IntelBrief: Tensions between China and India Have Asia—and the World—on Edge
Bottom Line Up Front
- China and India—two nuclear-armed powers with the largest populations in the world—have recently been engaged in a tense standoff along one of the world’s longest shared land borders.
- While this is not the first time China and India have clashed over territorial demarcation, what is different is the scale and scope of both countries’ information operations in a battle to control the narrative.
- Many Chinese military strategists view the current Sino-Indian standoff as directly related to what Beijing perceives as India’s pro-U.S. posture, rather than ongoing territorial disputes.
- Chinese national media has framed the border skirmish as instigated by U.S. support for India, without which China believes India would be less resolute in pushing back against Chinese encroachment.
For the past several weeks, China and India—two nuclear-armed powers and the countries with the two largest populations in the world—have been engaged in an increasingly tense standoff along their shared border in the Himalaya Mountains. And while a recent statement from India’s Foreign Ministry pledged to resolve the dispute through diplomacy, an op-ed by a former high-ranking Indian naval officer speculated that a ‘shooting war’ could lead to one side or the other contemplating nuclear ‘first use,’ a nightmare scenario. A slickly edited video released by Global Times, state-owned Chinese media, showed a Chinese People’s Liberation Army (PLA) Air Force airborne brigade conducting maneuvers in high-altitude terrain in a not-so-subtle message to India. There are over a dozen areas, both in Ladakh and Arunachal Pradesh, where China and India differ over the so-called Line of Actual Control (LAC). Many see the present situation as a follow-on to a dispute near Doklam in 2017, when India deployed troops on the Bhutan- Chinese border, in the area under Chinese control. China is increasing its troop presence in the Galwan Valley and the Pagong Lake area in the Ladakh region and at the Naku La pass near the Bhutan-China border as a result of the current crisis. The simultaneous face off at three different places along the LAC not only appears well-coordinated but also part of a strategic plan that required significant planning and preparation to execute.

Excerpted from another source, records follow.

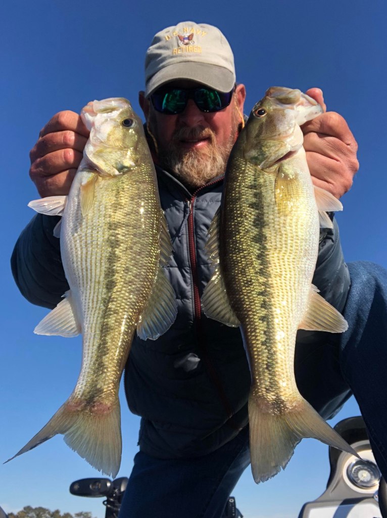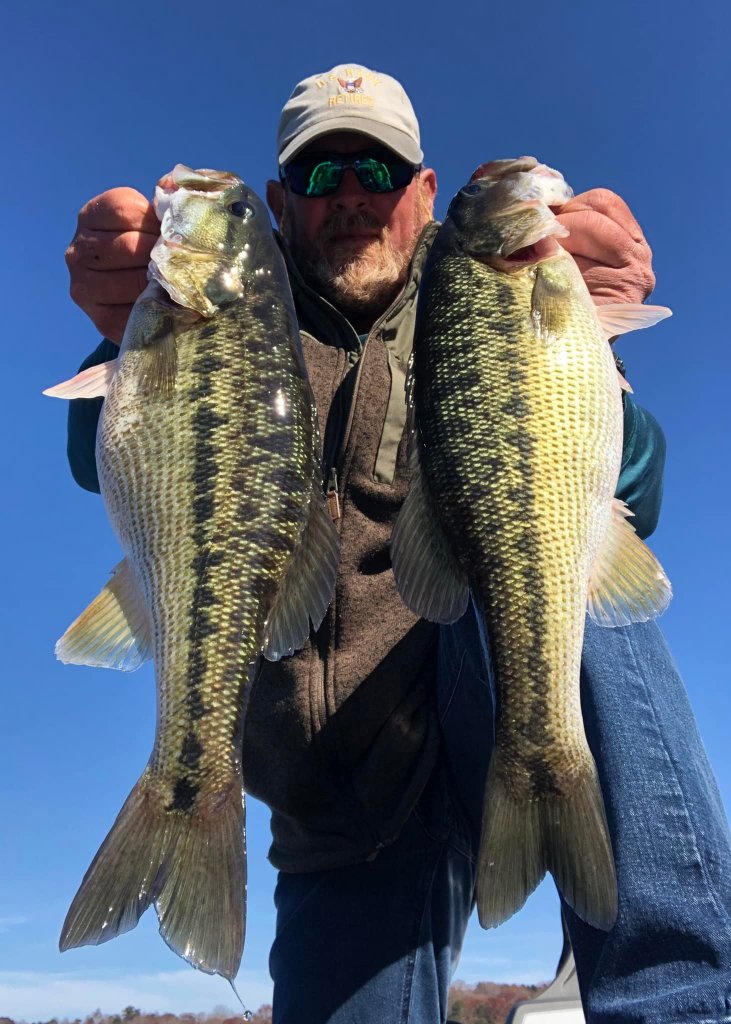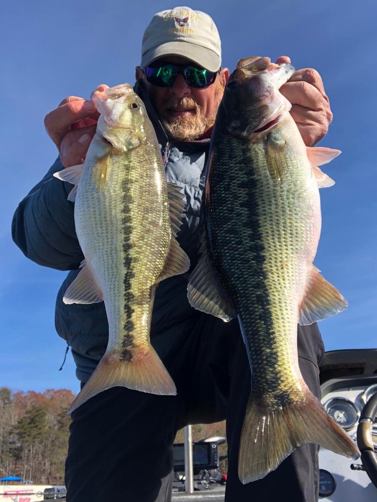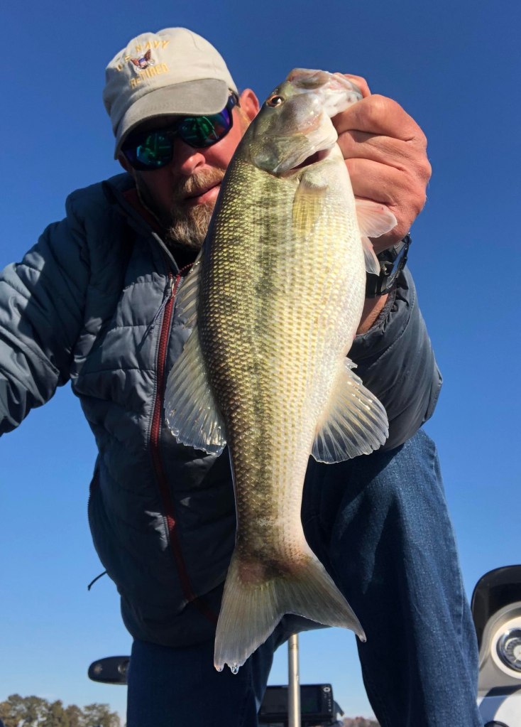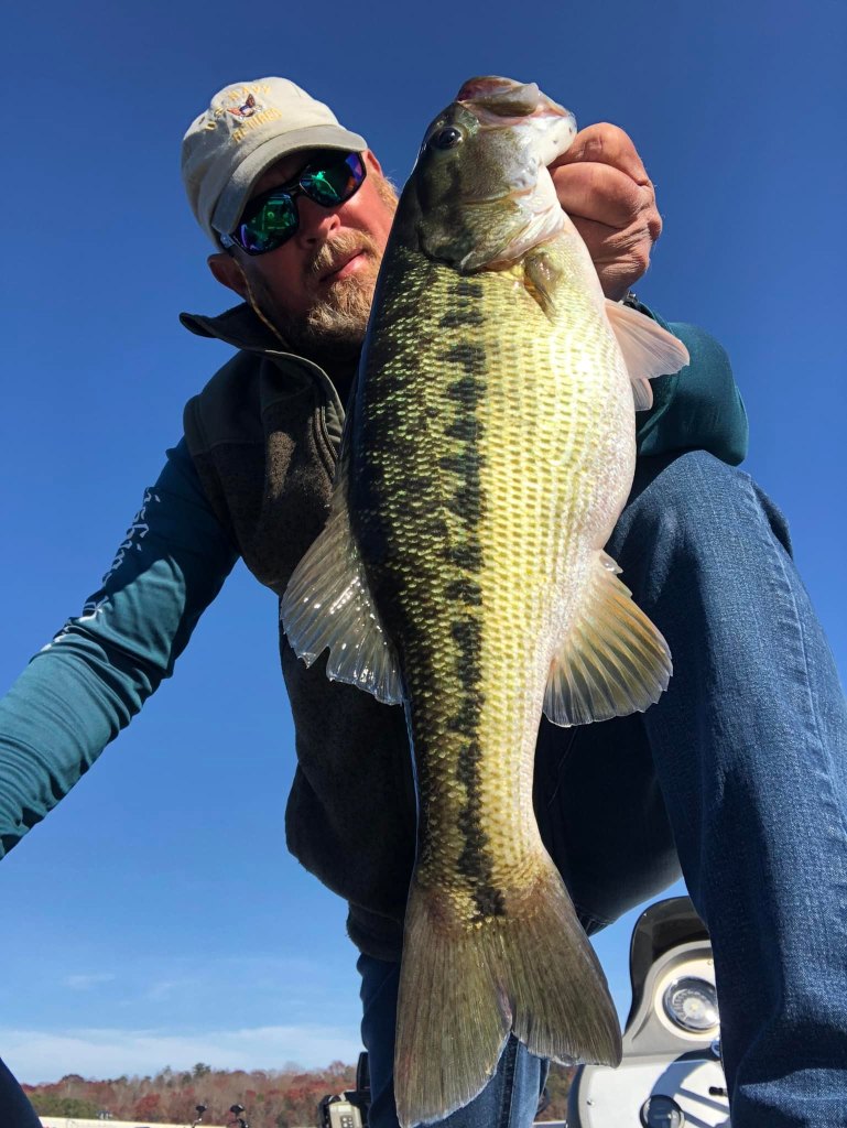 When the water cools these fish have a metabolism that slows as their body temperature drops. The fish is much more lethargic and not very aggressive when it comes to eating and they tend to take on a paler coloration in the deeper water. These fish tend to stay in the comfort of the deep ditch and gorge on the massive schools of bait that seek the same comfort of the depth of the ditch. They spend all day chowing down on the schools bluebacks with a high fat and adequate protein diet with little exercise because of that slower metabolism, these bass are my “Keto Bass” of Lake Lanier.
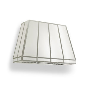 Absolutely! We offer a wide range of shapes and finishes to perfectly suit your kitchen's design. Choose from elegant, curved or bell-shaped hoods that bring a timeless look, or go for a bold-looking box-style hood for a modern aesthetic. If you’re drawn to unique designs, consider a scooped, convex, or concave shape that adds depth and visual interest. Our popular chimney-style hoods are perfect for high ceilings and open layouts, especially above a kitchen island, creating a bright and airy focal point. You can also select polished or matte finishes to complement your kitchen’s decor, along with decorative straps and rivets to add character—whether high or low on the hood, for a custom, handcrafted look.
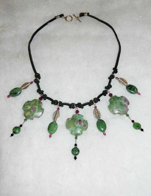 Las Cruces Necklace Components: ruby-zoisite, ruby, sterling, crystals, leather cord $125.00 SALE $95.00 length: 19 1/2'' · weight: 2.20 oz centerpiece: 3 1/4'' x 1 1/4''
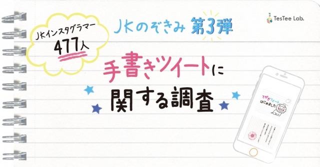 スマートフォンに特化したリサーチを軸に事業を展開する株式会社テスティー(本社:東京都港区、代表取締役:横江 優希、以下テスティー)は10~20代の若年層パネルを豊富に抱える強みを生かし、現在高校1~3年生の女性(以下、女子高生)の生態に迫る「現役JKのぞき見調査」を定期的に実施しています。第3回目はInstagram(以下、インスタ)を利用している現役女子高生477名を対象に、インスタ利用事情および「手書きツイート」に関するアンケート調査を実施しました。
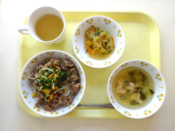 ビビンバ丼、ワンタン風スープ、春雨サラダ・・・626kcal
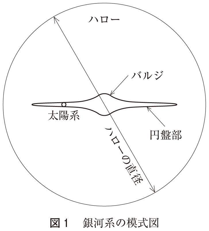 - 私たちの銀河系は天の川銀河とも呼ばれ(以下、銀河系と呼ぶ)、図1のような構造であると推定されている。銀河系はバルジと円盤部とそれらを取り巻くハローと呼ばれる部分からできている。
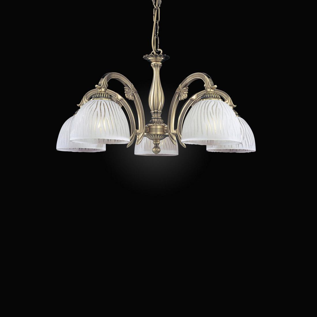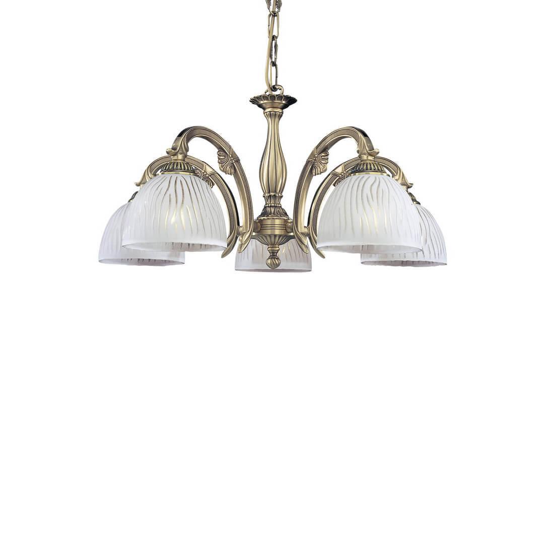 Подвесная люстра Reccagni Angelo L 5650/5 - это изысканное освещение для гостиной в классическом стиле от итальянского бренда Reccagni Angelo. Артикул L 5650/5 из коллекции silver 5650 представляет собой элегантную подвесную люстру с пятью лампами мощностью 60 Вт каждая.Высота данной люстры составляет 320 мм, диаметр - 600 мм. Плафон и абажур изготовлены из стекла белого цвета, что придает освещению мягкость и уют. Основание выполнено из латуни в античной бронзовой отделке, что придает изделию изысканный вид.

China and India have a longhistory of clashes on the LAC, the de facto border between the two countries since the end of the 1962 Sino-Indian War. What is different now, however, is that both countries have ramped up information operations to control the narrative, relying on various forms of media and aggressive swarms of online activity to promote their version of events while discrediting the other side. The risk of disinformation, ‘deep fakes,’ and altered videos have the potential to lead to miscommunication and confusion, increasing the chances of further escalation that goes well beyond mere saber-rattling. Both China’s Xi Jinping and India’s Narendra Modi frequently appeal to nationalist sentiments, presenting an opportune moment for these leaders to deflect attention from domestic issues related to unrest, economic turbulence, and the COVID-19 pandemic.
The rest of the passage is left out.